Уже бежали дети, воспитанницы, гувернантки из дверей с визгом.
Мамзель Питон отступила перед ним в реверансе, как Кутузов перед Наполеоном.
Она была налита ядом, и ее прозвали дома Пифоном.
Дети и воспитанницы тряслись на ножках, ожидая очереди на реверанс.
Детей Степан Никитич тотчас отослал. Мамзели Пифону он отдал какие-то распоряжения почти на ухо, так что Пифон с гадливостью отшатнулся.
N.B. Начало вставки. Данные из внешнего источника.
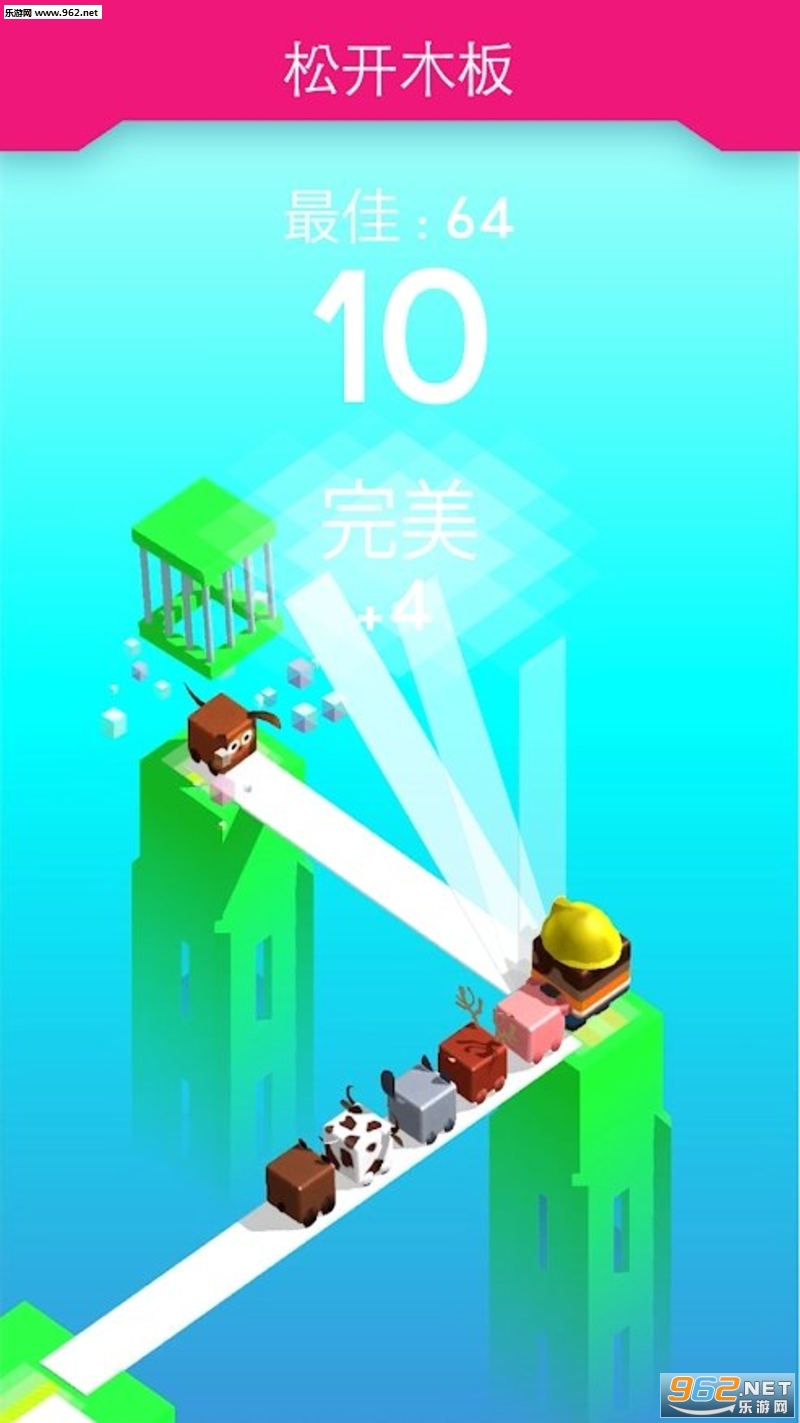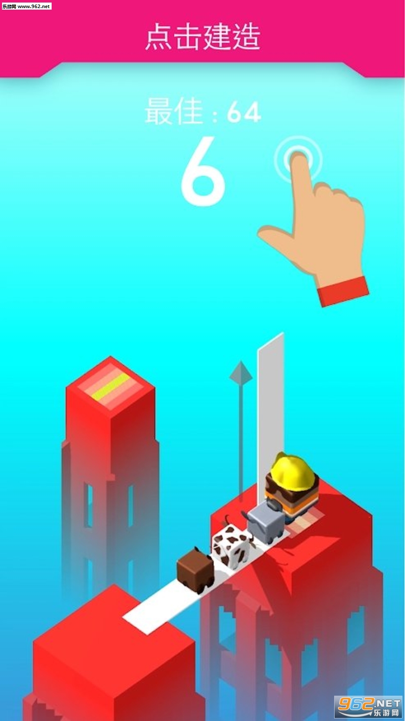 不断搭木板前进,获得越来越高的分数。

Впрочем, она тотчас же скрылась.
– Змей Горыныч, – кивнул головой Степан Никитич не Грибоедову, а вообще. – Диво женское.
Соорудился стол.
Виноград из Крыма, яблоки из собственного имения, трое лакеев побежали, запыхавшись, за остальным.
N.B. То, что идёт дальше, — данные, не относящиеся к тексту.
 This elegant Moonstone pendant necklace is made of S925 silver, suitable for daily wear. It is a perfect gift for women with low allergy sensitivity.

Степан Никитич расставил вино, обратился не то к бутылкам, не то к Грибоедову: «Знай наших» или: «Не замай наших» и уставил в порядок.
Потом деловито потащил его к свету, серьезно оглядел и хмыкнул от удовольствия. Грибоедов был Грибоедов.
– Что ж ты, мой друг, не заехал ко мне сразу? Ведь стыдно ж тебе маменьку беспокоить. Ведь твой Сашка там в гроб всех уложит.
Стало ясно, как дважды два равно четырем, что он, Александр Грибоедов, Саша, приехал с Востока, едет в Петербург, везет там какие-то бумаги, и баста. Расспросы и рассказы ни к чему не поведут. Они имеют смысл, только когда люди не видятся день или неделю, а когда они вообще видятся неопределенно и помалу, – всякие расспросы бессмысленны. Чтобы продолжалась дружба, нужно одно: тождество.
Степан Никитич тащил Грибоедова к окну убедиться, что он тот же, и убедился.
Принесли еще вина, пирог с трюфелями.
Степан Никитич слегка нахмурился, оглядел стол. В его взгляде была грусть и опытность.
Он взял какую-то бутылку за горло, как врага, примерился к ней взглядом – и вдруг отослал обратно.
Грибоедов, уже расположившись поесть, внимательно за ним следил.
Они встретились взглядами и захохотали.
– Анна Ивановна-то, друг мой, – сказал Бегичев значительно о своей жене, – это я только при змее Пифоне тебе сказал, что она в гостях. Она опять к матушке перебралась.
Он покосился на лакея и нахмурил брови.
– На сносях, – сказал он громким шепотом.
– Ты скажи ей, моему милому другу, – сказал Грибоедов, – что если мои желания исполнятся, так никому в свете легче ее не рожать.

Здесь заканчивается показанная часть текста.